Les Mois/À mon père

Les Mois Exposition






Combien vous avez de titres au foible hommage que je vous présente ! Je vous dois plus que la vie ; vous avez été mon premier instituteur. Je n’oublierai jamais ces jours de mon enfance, où me menant avec vous dans des promenades solitaires, vous m’entreteniez du génie précoce de Paschal et du Tasse, et me faisiez lire la vie de ces deux grands hommes. Grâces à vous, mon coeur palpitoit déjà au nom de la gloire. Je n’oublierai jamais qu’à ces premières lectures, vous fîtes bientôt succéder celles de Télémaque et de la Jérusalem délivrée. Quel charme je trouvai à ces deux ouvrages ! Comme je m’intéressois aux scènes champêtres qui les embellissent ! Calypso, dans son isle, Erminie, parmi des bergers, firent couler mes premières larmes de plaisir. Je dois à cette éducation mon amour pour la campagne et la poésie : oui, c’est vous qui m’aurez fait poëte, si l’ouvrage que je vous offre peut toutefois me mériter ce nom.

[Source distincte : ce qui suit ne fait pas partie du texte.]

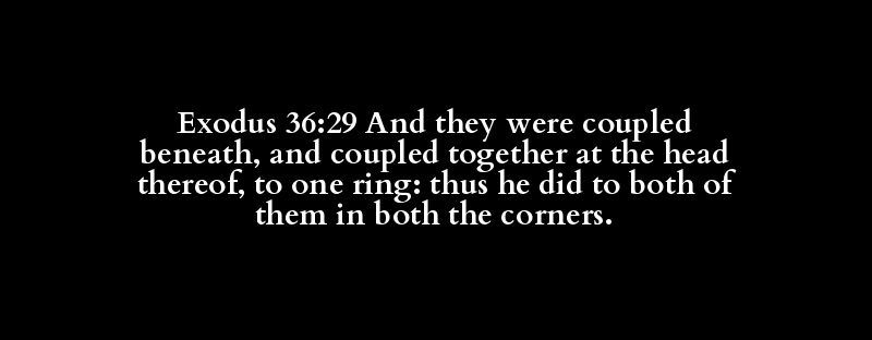 Exodus 36:29 And they were coupled beneath, and coupled together at the head thereof, to one ring: thus he did to both of them in both the corners.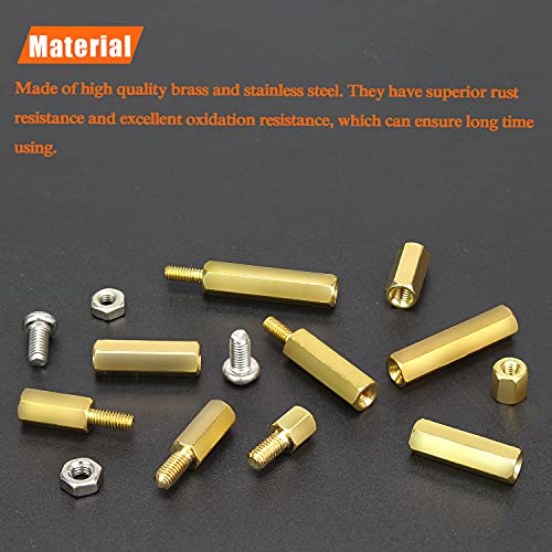 - 【Aplicaciones amplias】Los hilos de los espaciadores de latón son profundos y claros sin rebabas. Con un amplio espectro de longitud, hilo y diámetro, esta colección de tornillos debería ser casi universal y cubrir la mayoría de los proyectos de bricolaje de hardware para computadoras de escritorio y algunos dispositivos electrónicos.

Mais quand je n’aurois pas ce motif pour mettre le fruit de douze années de travaux sous les auspices de mon père, les leçons de vertu, les exemples de piété filiale, de tendresse fraternelle, de bienfaisance même que vous m’avez donnés, (car vous m’avez fait voir que l’homme, qui n’est pas riche, peut faire encore du bien) ne me commanderoient-ils pas ce que je fais aujour d’hui par un libre mouvement de mon coeur ? Vous vouliez avant tout que je fusse bon, et vous l’étiez vous-même en m’apprenant à l’être. Ah ! Puisse ce tribut de ma tendre vénération et de ma reconnoissance, vous prouver que je n’ai pas tout-à-fait négligé vos avis ! Je me flatte du moins que vous retrouverez dans mes vers ce respect pour les moeurs, cet amour de la vertu, ce sentiment des choses honnêtes que je puisai près de vous dans mes premières années. Que d’autres jugent mes foibles talens ; vous, mon père, jugez l’âme de votre fils, et applaudissez lui, si elle a quelques traits de ressemblance avec la vôtre.